South Africa, Government
Inkatha Freedom Party, Statute of Westminster, interim constitution, British monarch, African National Congress
The 20th century has produced several fundamental governmental changes in South Africa. In 1910 the Union of South Africa was formed as a largely autonomous dominion of Britain. Under the 1910 constitution, the British monarch was the nominal head of state, but authority over most matters was vested in a single-chamber parliament, headed by a prime minister. By the 1931 Statute of Westminster, South Africa and other dominions within the British Commonwealth were proclaimed fully autonomous, gaining equality status with Britain. In 1961 South Africa became a republic and left the Commonwealth. The 1961 constitution created the office of president as head of state. A new constitution in 1984 established a tricameral (three-house) parliament with white, Coloured, and Asian houses, but excluded the black majority altogether.

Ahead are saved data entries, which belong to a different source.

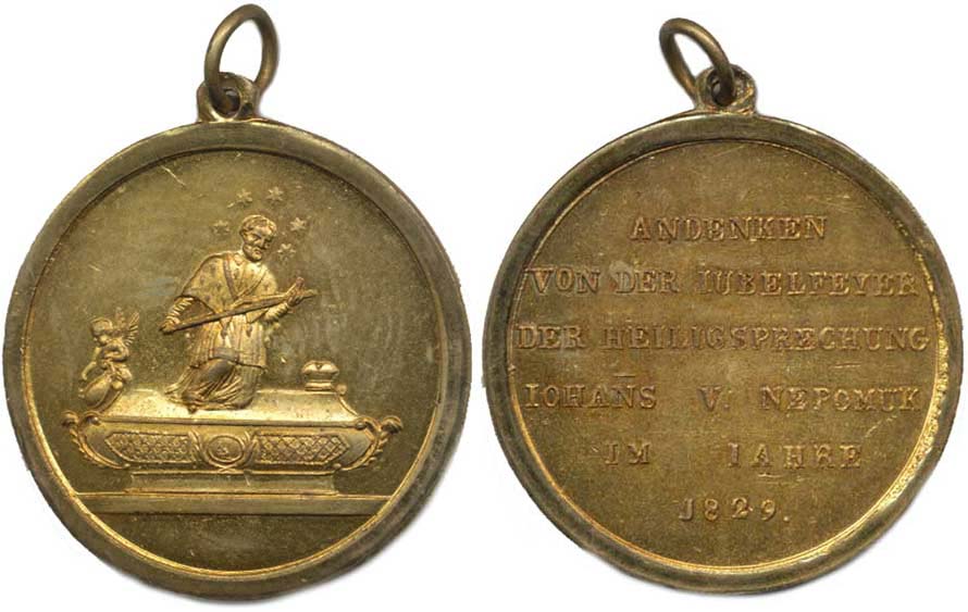 Medaile - Sarkofág sv.Jana Nepomuckého / Památka na jubilejní sva tořečení Jana Nepomuckého v r. 1829, šesti řádkový německý nápis zlacený bronz 43 mm Přib. 579; GR. 69
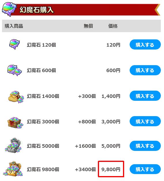 9800円+120円+120円=10040円 で13440幻魔石か、
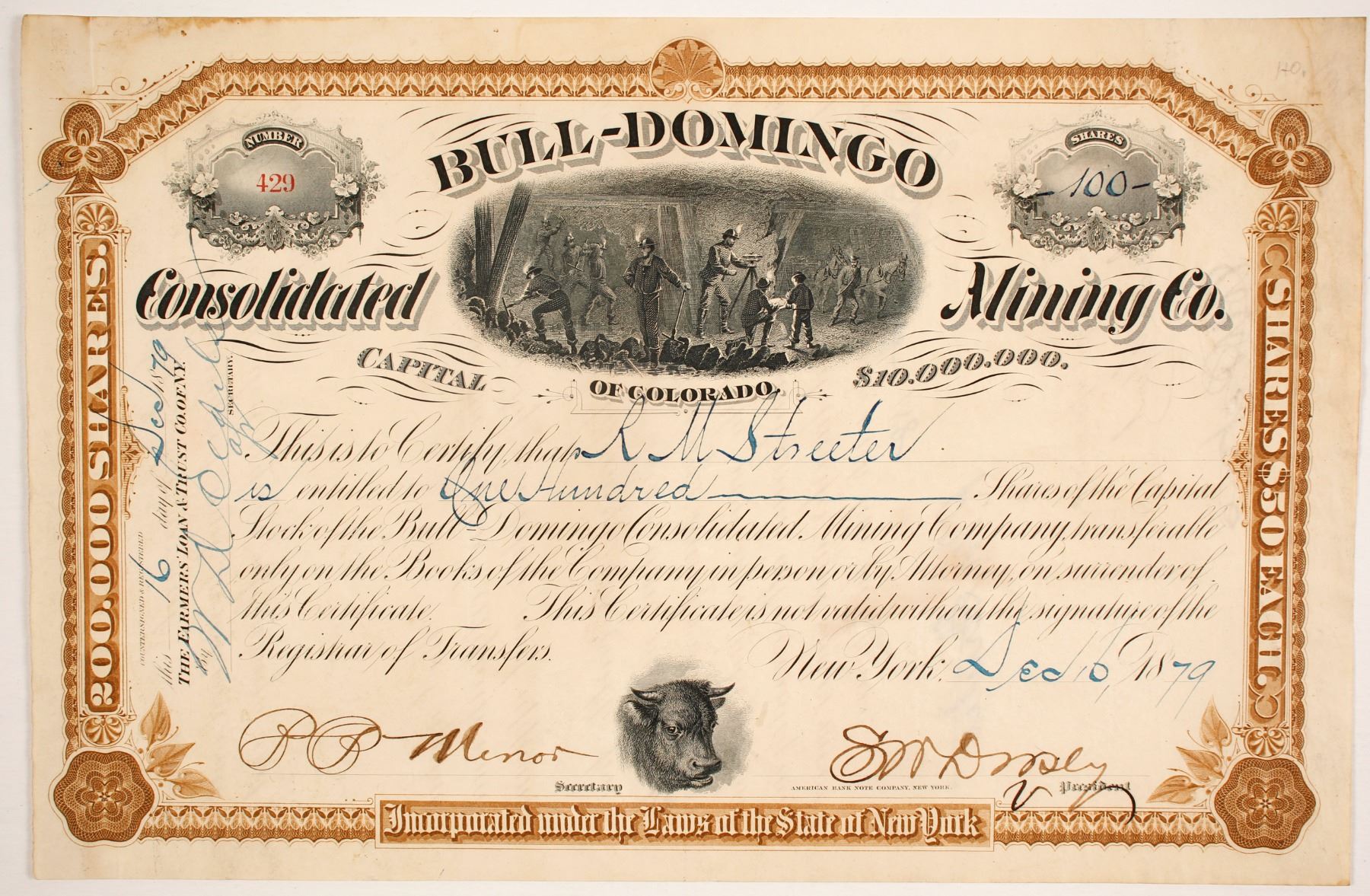 #429 for 100 shares to RM Streeter. Signed by PP Minor and vice president EM (?). Not cancelled. Underground mining vignette. Small bull mining vignette. American Bank Note Company printer. Important mine in the Italian Mountain at Dorchester. State: Colorado City: Dorchester Date: 1879
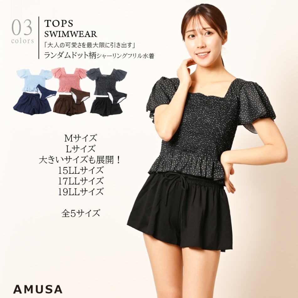 【宅配送料無料】3点セット フリル水着 ランダムドット セパレート レディース ビキニ ノンワイヤー 露出少なめ 体系カバー 大人...

Lengthy constitutional negotiations in the early 1990s led to the implementation of an interim constitution in April 1994. These negotiations also resulted in agreement on a number of principles that would be binding during the negotiations for a final constitution. The final constitution was passed by parliament in May 1996 but was subsequently rejected by the Constitutional Court because certain provisions did not comply with the 1994 principles. A revised version was finally accepted in December 1996 and was implemented in stages between 1997 and 2000.
The new constitution gave considerable powers to the country’s nine provinces, a provision strongly sought by the National Party and by the Inkatha Freedom Party in KwaZulu-Natal. The African National Congress successfully resisted a fully federal constitution, however, securing the inclusion of broad clauses that allowed the central government to override the provinces. The constitution also includes a Bill of Rights, which is regarded as one of the most liberal in the world.